The one line to carry out of this rung is older than you'd think: the map is not the territory. A model is a stand-in, not the real thing — and because it dropped stuff back in rung 1, it is guaranteed to be wrong somewhere. That's fine. A wrong-somewhere model is still brilliant. The danger is forgetting it's a model and over-trusting it past the point where it breaks.
Trap One: Mistaking the Model for Reality
This is the big one. The globe is not the Earth; the particle diagram is not matter; the equation is not the ball. People slide into talking as if the model is the thing, and then they trust details the model never actually got right. When you catch yourself defending a feature of the model, stop and ask: is that true of the real thing, or just an artefact of how we drew it?
Trap Two: the Map That Lies About Size
A flat world map has to peel a round Earth onto a rectangle, and something has to give. On the common one, the bits near the poles get stretched horribly — Greenland looks about the size of Africa, when really Africa is fourteen times bigger. The map is genuinely useful for "which way is north" and useless for "compare these countries' sizes". Same model, brilliant for one job, a liar for another. That's the lesson: a model's wrongness depends on what you ask of it.
Trap Three: the Atom That Isn't a Tiny Solar System
The shell model of the atom — a nucleus with electrons whizzing round it in neat rings, like planets round the sun — is a fantastic teaching picture. It is also not literally true. Electrons don't sit in tidy circular orbits; they live in fuzzy clouds of "probably-here", and the real maths is far stranger. The shell model keeps "how many electrons and roughly how grouped" and quietly drops the truth about where they are. Lean on it to count electrons: great. Lean on it to picture an electron as a little planet on a track: you've walked off the edge of what it can do.

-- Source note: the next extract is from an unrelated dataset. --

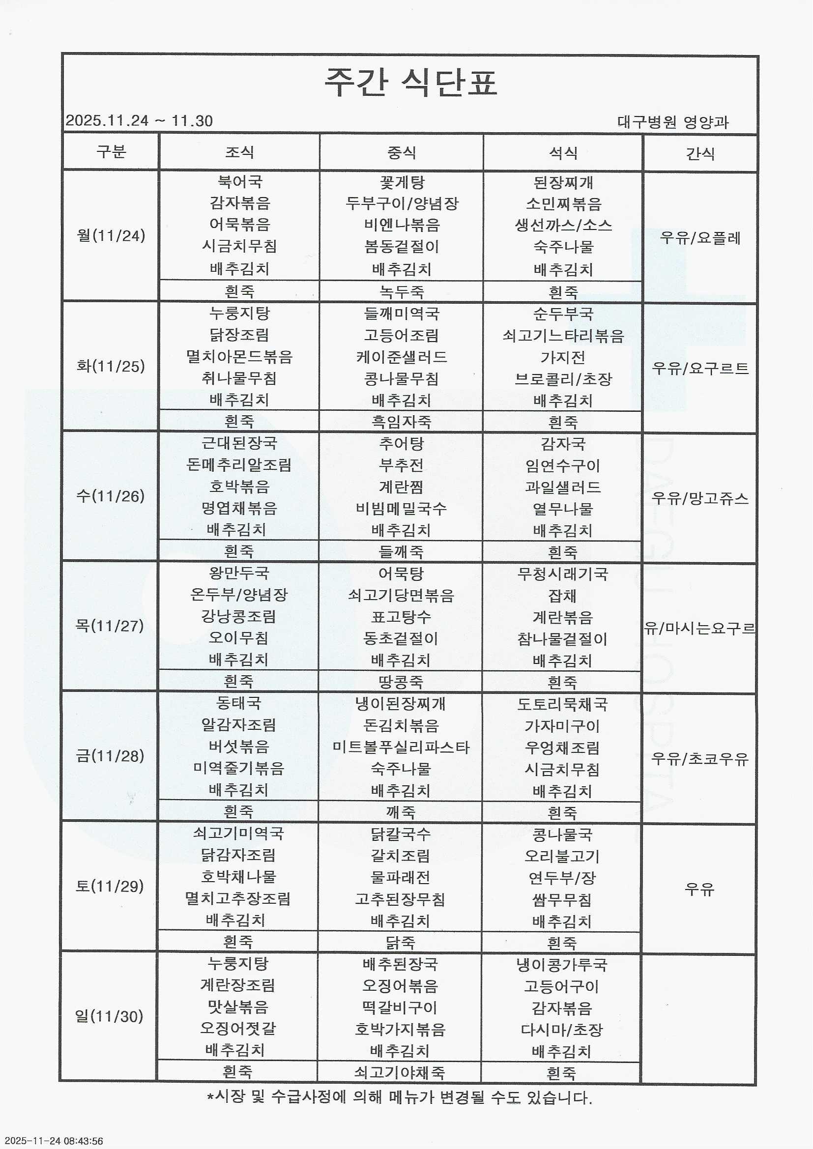 25³â 11/24~11/30 ½Ä´ÜÇ¥
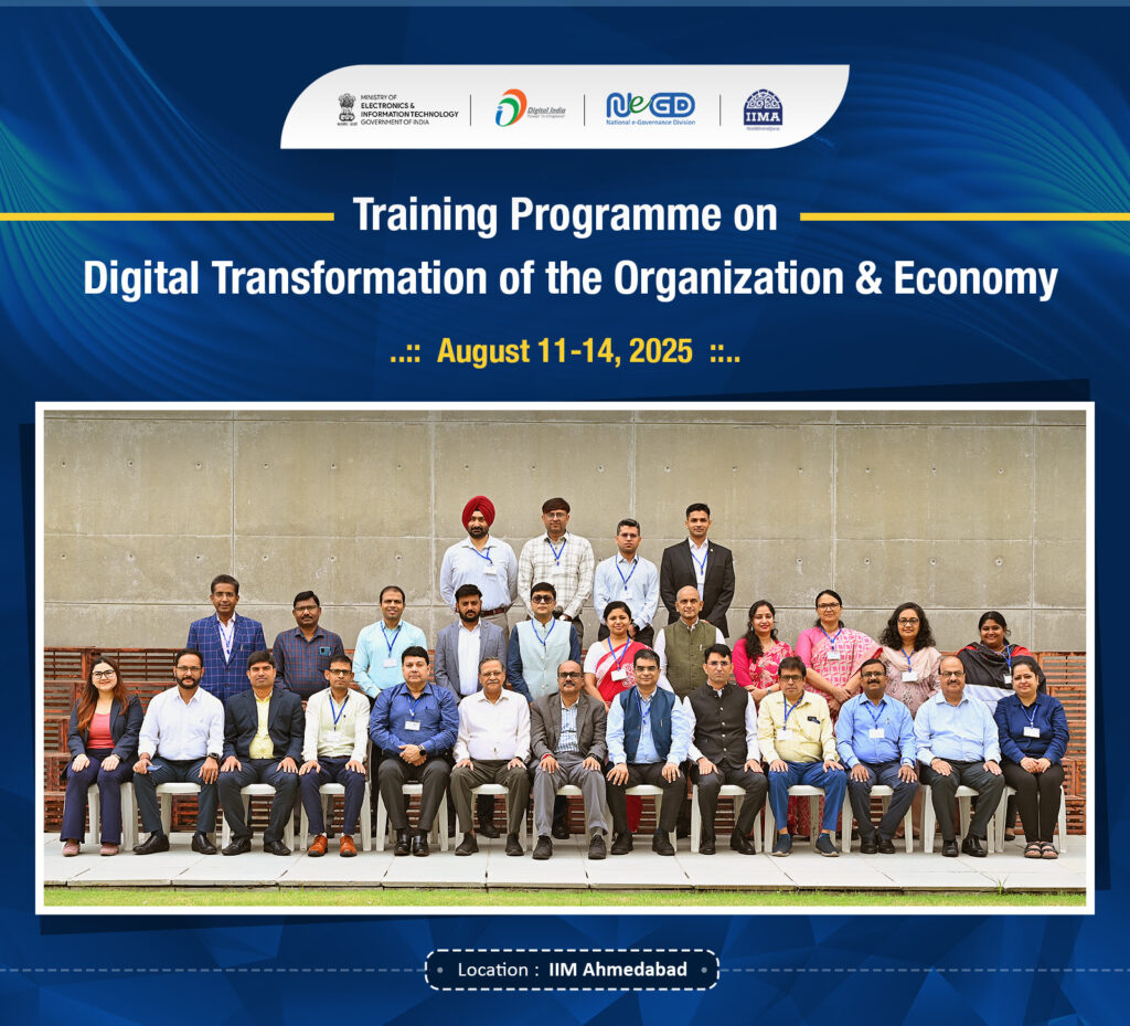 New Delhi, Delhi, 14th of August 2025 : The Ministry of Electronics and Information Technology (MeitY) under its Digital India Vision plans and implements its capacity building initiatives in Digital Governance. As part of this, a 4-day training programme on ‘Digital Transformation of the Organization & Economy’ has been organized at the Indian Institute of Management, Ahmedabad from August 11 – 14, 2025 by National e- Governance Division (NeGD), MeitY for the officials of Central and State Governments across the country. A total of 27 officers from various Central Line Ministries and States/UTs, including Andhra Pradesh, Bihar, New Delhi, Lakshadweep, Madhya Pradesh, Puducherry, Rajasthan, Telangana, Uttar Pradesh and West Bengal participated in the programme.

And the Quiet One: a Model Is Only as Good as What Went In
A computer model that predicts the weather, or a population, runs on the numbers and rules we feed it. Feed it dodgy data or leave out something that matters, and it will hand back a confident, tidy, wrong answer. The model isn't lying — it's faithfully working out the consequences of what we told it. "Garbage in, garbage out" is the whole warning: a beautiful simulation built on bad assumptions is still bad.